Your goal:
Your answer must be exactly the lines from the one containing "Quốc 208069-1 (đen)" through the end of the material, both ends included, without pictures.

Given data:
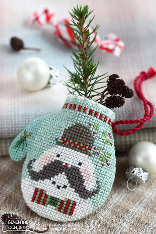 Да-а, впервые встречаю усатого снеговика! Крайне редкий экземпляр среди популяции снеговиков :) Сшивание миниатюр на любой равномерке замучает кого угодно...Но по готовой варежке этого совсем не видно! Кажется все гладко и легко! И в этом ваш огромный плюс, Татьяна!
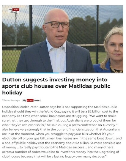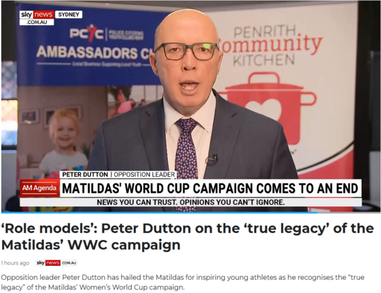 Peter Dutton's interpretation of the Matildas true legacy is more #SportsRorts with a $250 million promise if he becomes prime minister. #auspol
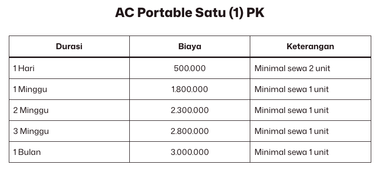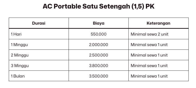 Berapa harga sewa AC portable di Jakarta?
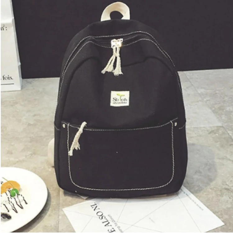 ️️ Ba Lô Canvas Sinh Viên Phong Cách Hàn Quốc 208069-1 (đen)
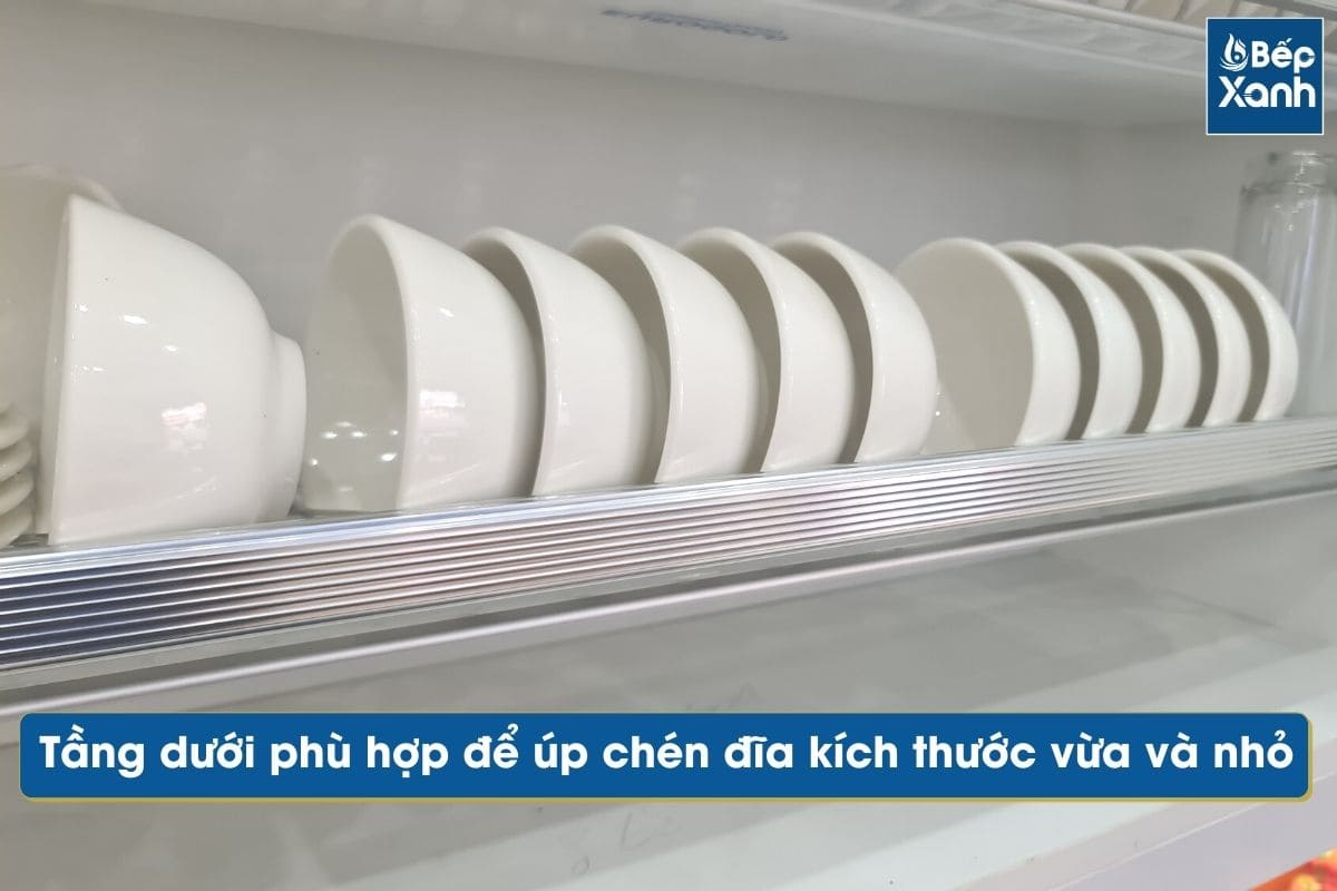 Tầng dưới thiết kế thanh dẹt nằm ngang phù hợp với các loại chén đĩa kích thước vừa và nhỏ.

Exercise response:
 ️️ Ba Lô Canvas Sinh Viên Phong Cách Hàn Quốc 208069-1 (đen)
 Tầng dưới thiết kế thanh dẹt nằm ngang phù hợp với các loại chén đĩa kích thước vừa và nhỏ.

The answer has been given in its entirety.